**WORK TO COMPLETE:** The reply must consist of the lines from the first line of the records through the line containing "Upon hitting the", copied exactly, with every picture omitted.

····················

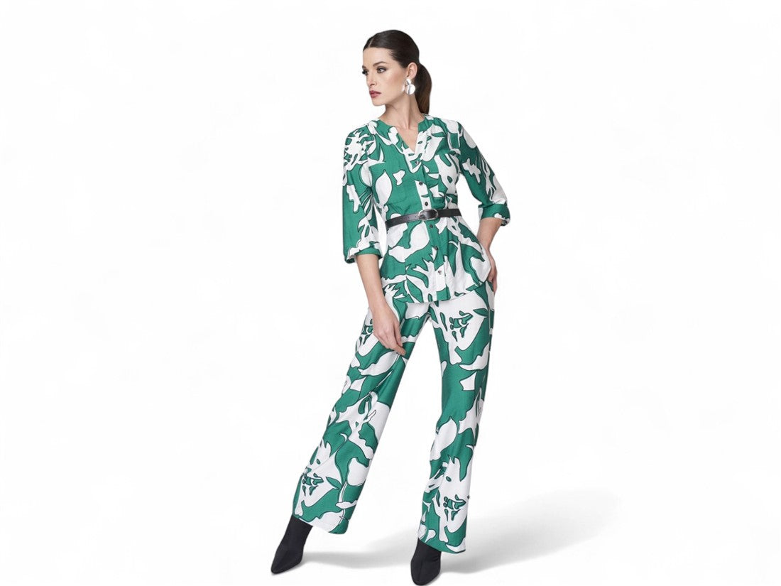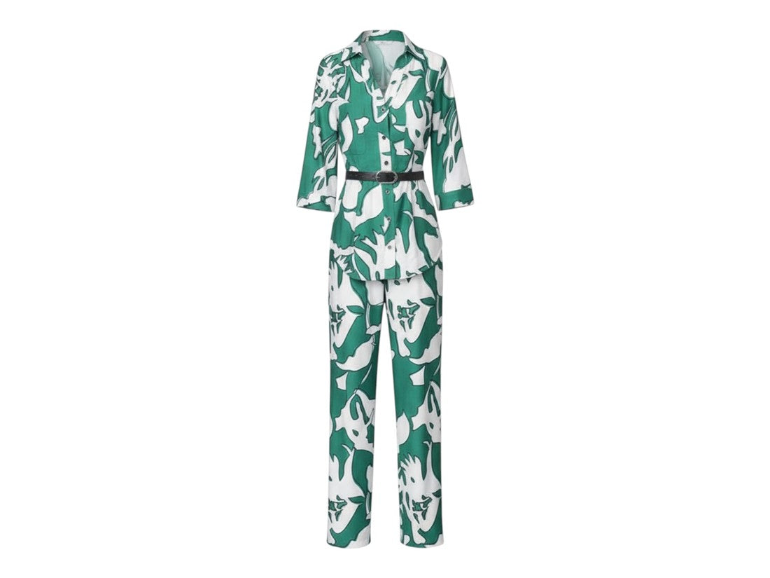 Coordinado casual ROSYS CHIC: blusa y pantalón estampado con cinto para dama.
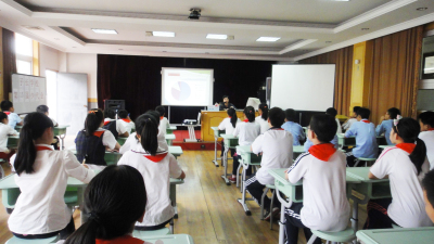 2014年9月19日,宣教员杨颖在上海市子长学校主讲禁毒流动课堂,听讲人数662人。
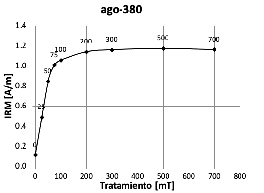 La Magnetización Remanente Isotermal (IRM, por sus siglas en inglés) depende de la concentración de minerales ferrimagnéticos. La forma de las curvas de adquisición de esta remanencia es útil para inferir la presencia de minerales de alta coercitividad (hematita y/o goetita) o de minerales multidominio. En la Figura 10 puede observarse cómo la muestra se satura en campos cercanos a 300 mT. En algunos casos lo hace a partir de los 200 mT, alcanzando valores cercanos al 100%, lo que indica que se tiene la presencia principalmente de minerales magnéticamente blandos (ferrimagnéticos), muy probablemente titanomagnetita. En general, las gráficas son muy similares en cuanto a la forma para todas las muestras y no hay diferencias contrastantes apreciables.
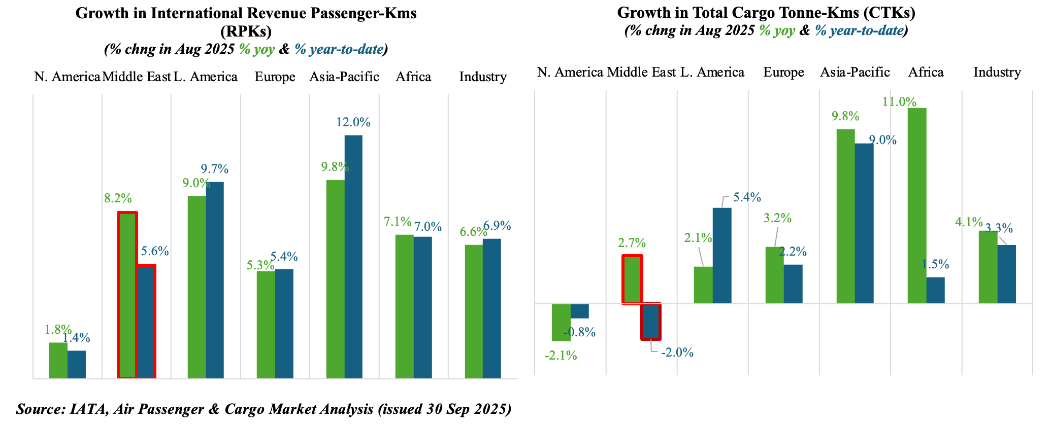 - International revenue passenger-kilometers (RPKs) growth in Aug (6.6% yoy) was driven by the Asia-Pacific region (9.8%, thanks to China and Japan markets). Middle East airlines experience was also strong, up 8.2% in Aug, with the Middle East-Asia travel corridor posting a gain of 8.5%. Year-to-date gains in the Middle East was slightly muted (5.6% during the year vs industry average of 6.9%), underscoring the impact from ongoing regional conflicts.
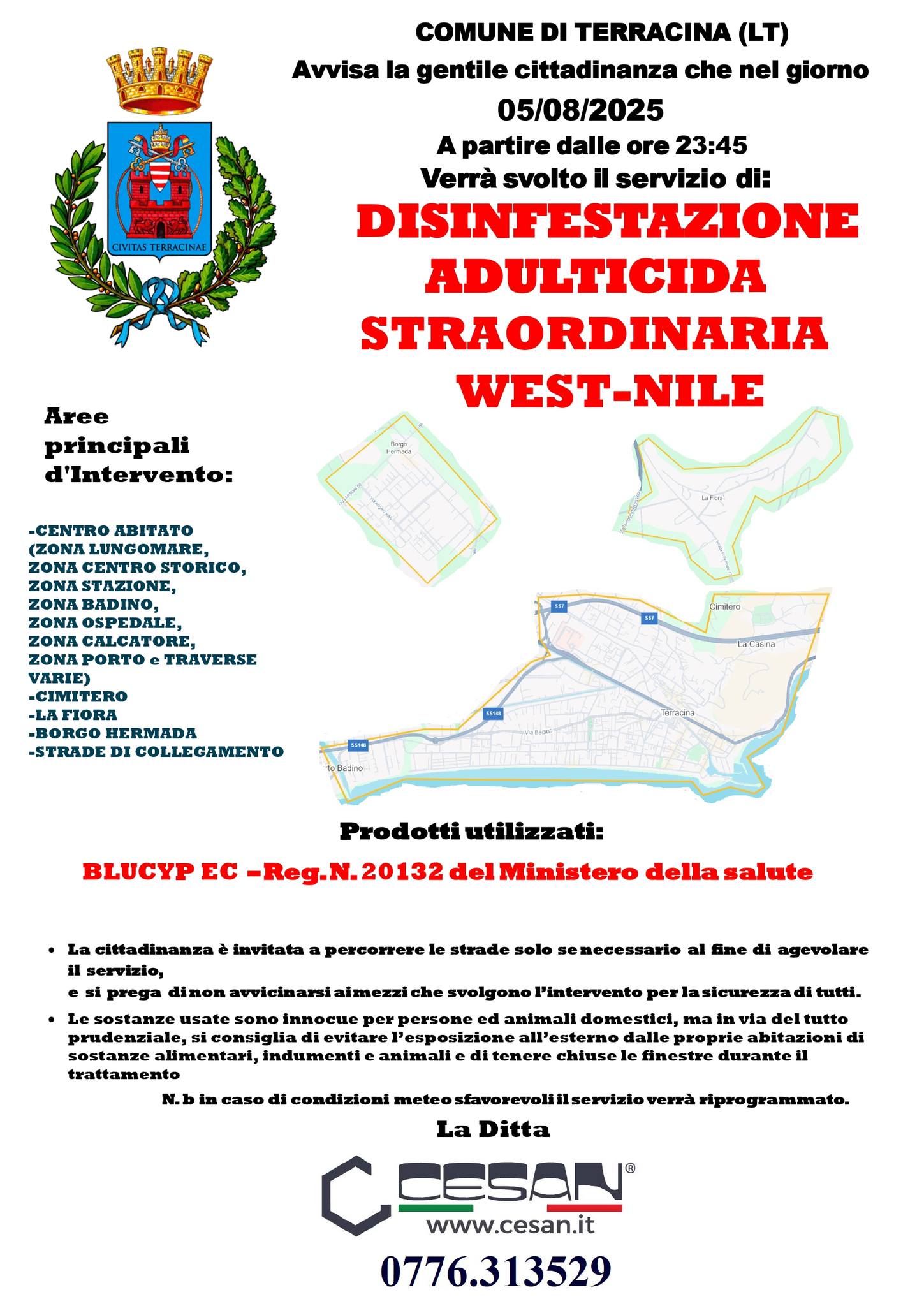 Disinfestazione adulticida straordinaria stasera a Terracina. A partire dalle 23.45 l’intervento verrà eseguito in tutta la zona del centro urbano e del centro storico, sul lungomare, nella zona della stazione, dell’ospedale e in molte altre vie. L’elenco completo è sul nostro sito.
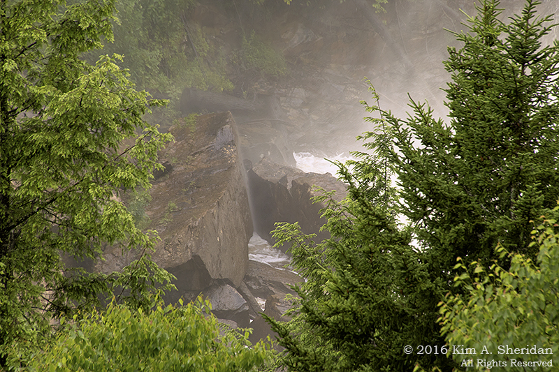 Upon hitting the bottom of the falls, water exploded back upwards to blanket the valley in mist. Everything nearby was soaked not from rain, but the river.
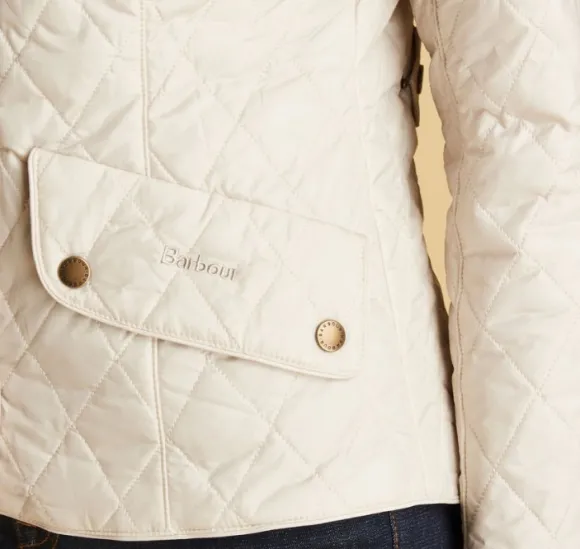Barbour W's Flyweight Cavalry quilt on timanttitikattu takki jossa on säädettävä selkäosa. Takissa on sekä vetoketju että napit, ja napilliset taskut edessä.
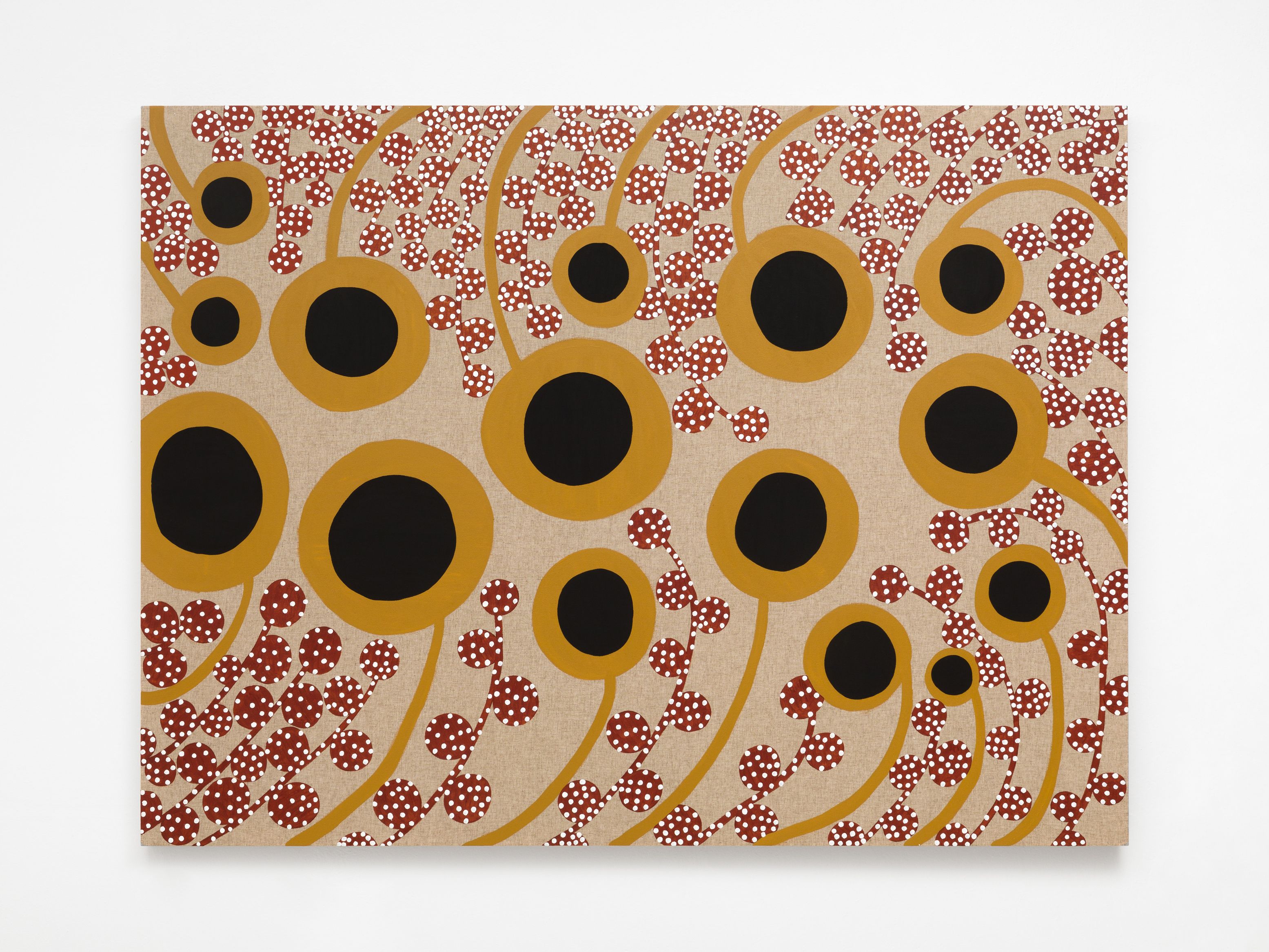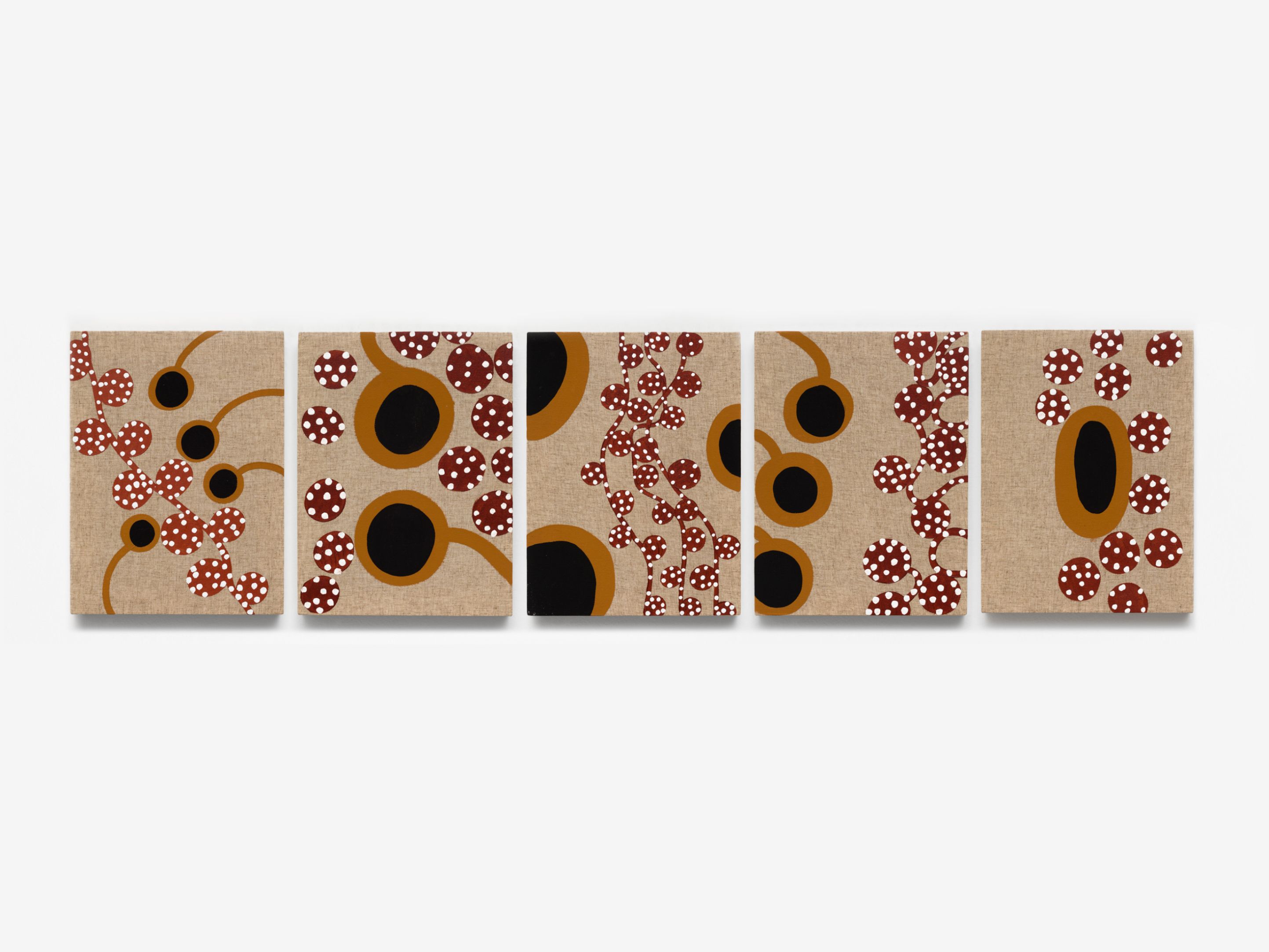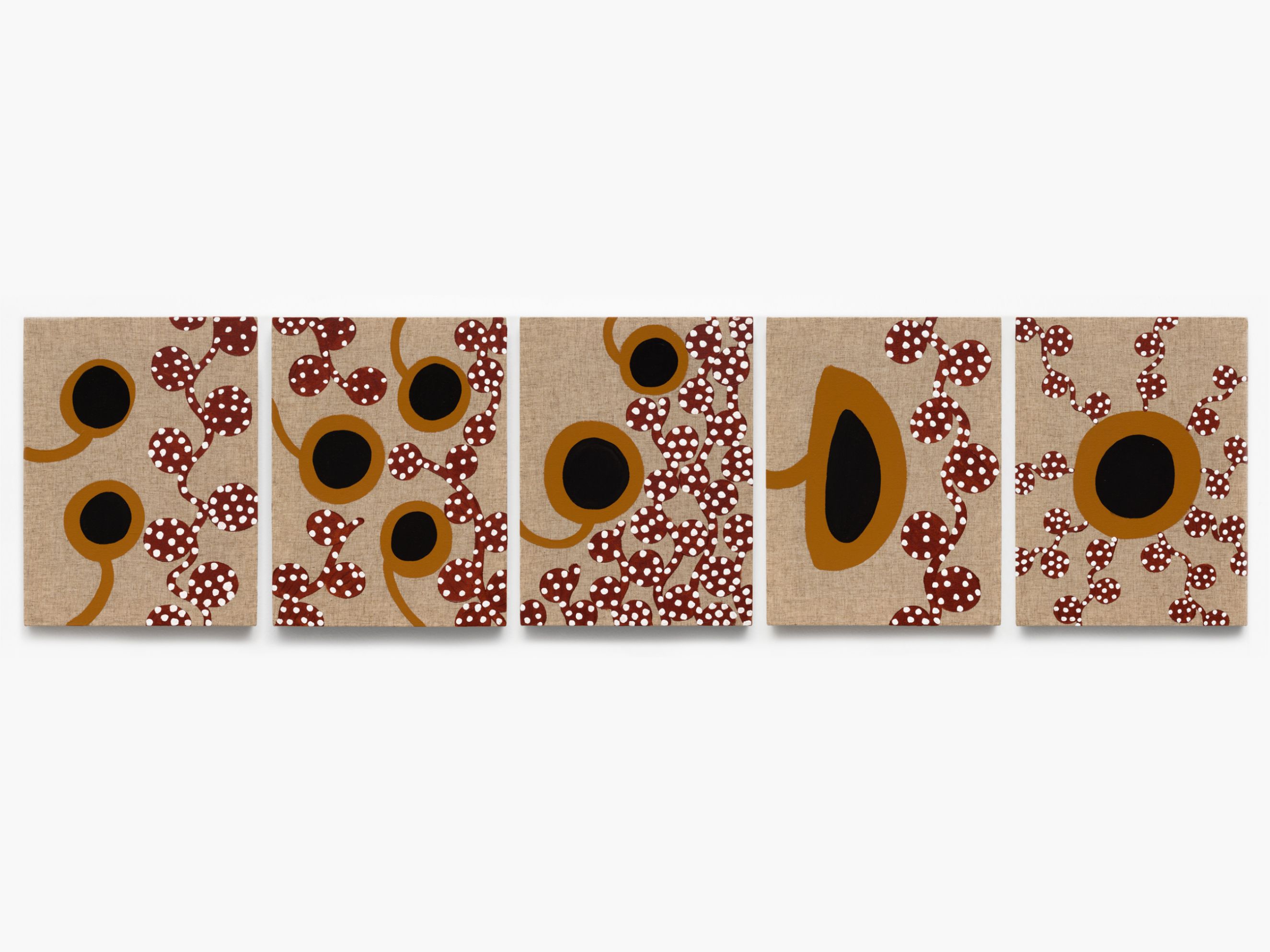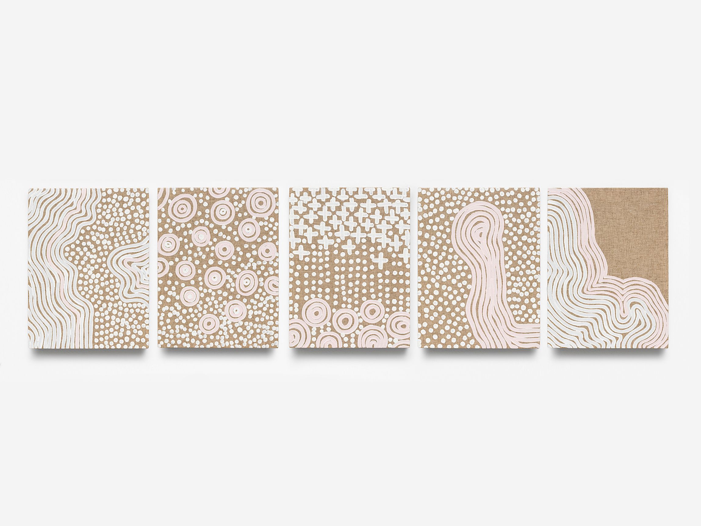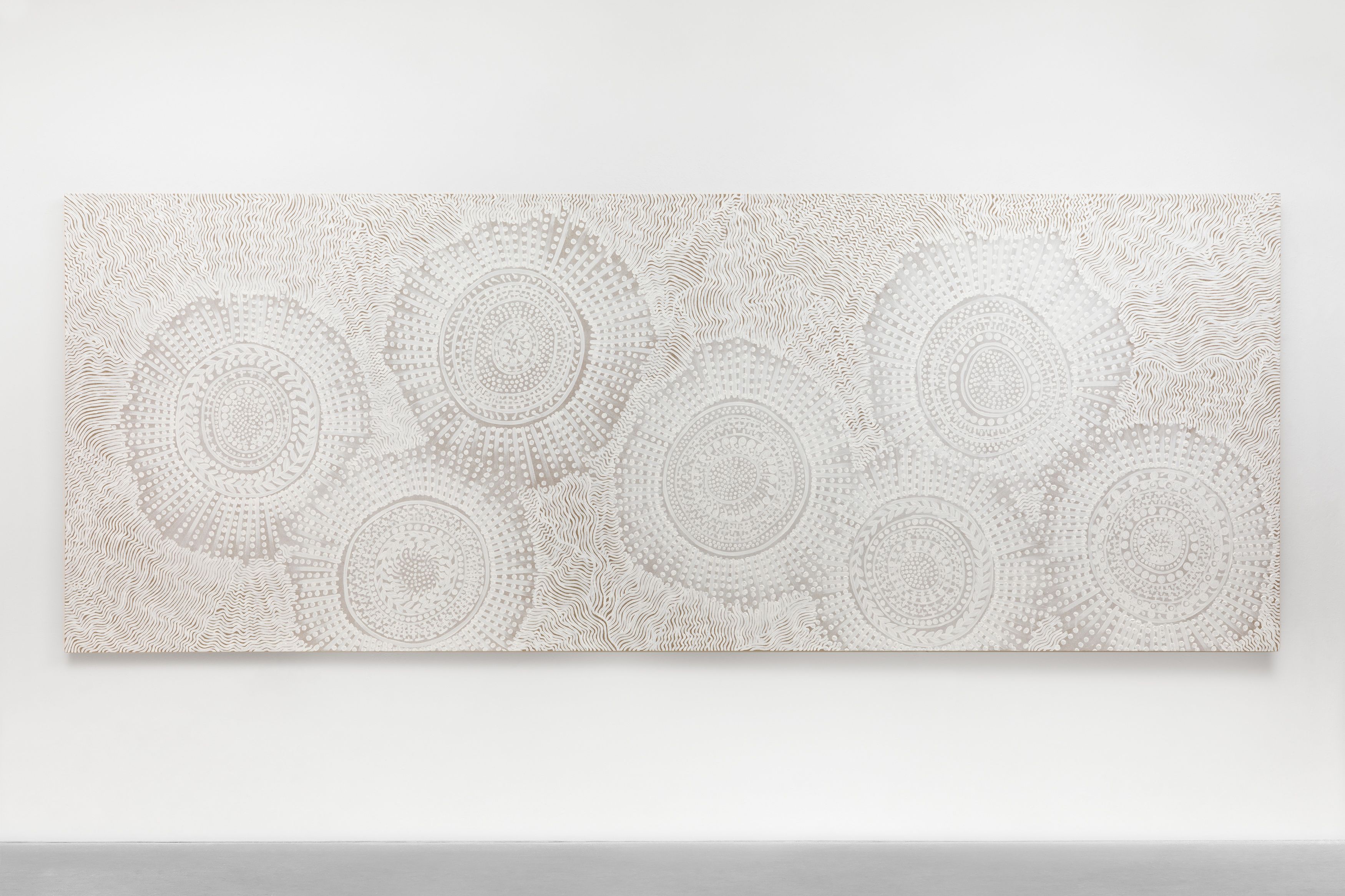 The works presented in Endless River refer to and build upon Pankararu’s unique worldview through the visual and material alike: the white pigment used in many of his paintings is a natural clay material traditionally used by the Pankararu to adorn the body for ceremonies, making each monochromatic work a body, a group of bodies, and a sampler of ornamental possibility. Other works burst with color, showing the vibrant and fecund natural world of cacti, roots, leaves, seed pods, and flowers that reference the earthy terrains and flora as well as the ingredients and elements for healing, as well as the forest setting where healers work.

····················

**SOLUTION:**
 Coordinado casual ROSYS CHIC: blusa y pantalón estampado con cinto para dama.
 2014年9月19日,宣教员杨颖在上海市子长学校主讲禁毒流动课堂,听讲人数662人。
 La Magnetización Remanente Isotermal (IRM, por sus siglas en inglés) depende de la concentración de minerales ferrimagnéticos. La forma de las curvas de adquisición de esta remanencia es útil para inferir la presencia de minerales de alta coercitividad (hematita y/o goetita) o de minerales multidominio. En la Figura 10 puede observarse cómo la muestra se satura en campos cercanos a 300 mT. En algunos casos lo hace a partir de los 200 mT, alcanzando valores cercanos al 100%, lo que indica que se tiene la presencia principalmente de minerales magnéticamente blandos (ferrimagnéticos), muy probablemente titanomagnetita. En general, las gráficas son muy similares en cuanto a la forma para todas las muestras y no hay diferencias contrastantes apreciables.
 - International revenue passenger-kilometers (RPKs) growth in Aug (6.6% yoy) was driven by the Asia-Pacific region (9.8%, thanks to China and Japan markets). Middle East airlines experience was also strong, up 8.2% in Aug, with the Middle East-Asia travel corridor posting a gain of 8.5%. Year-to-date gains in the Middle East was slightly muted (5.6% during the year vs industry average of 6.9%), underscoring the impact from ongoing regional conflicts.
 Disinfestazione adulticida straordinaria stasera a Terracina. A partire dalle 23.45 l’intervento verrà eseguito in tutta la zona del centro urbano e del centro storico, sul lungomare, nella zona della stazione, dell’ospedale e in molte altre vie. L’elenco completo è sul nostro sito.
 Upon hitting the bottom of the falls, water exploded back upwards to blanket the valley in mist. Everything nearby was soaked not from rain, but the river.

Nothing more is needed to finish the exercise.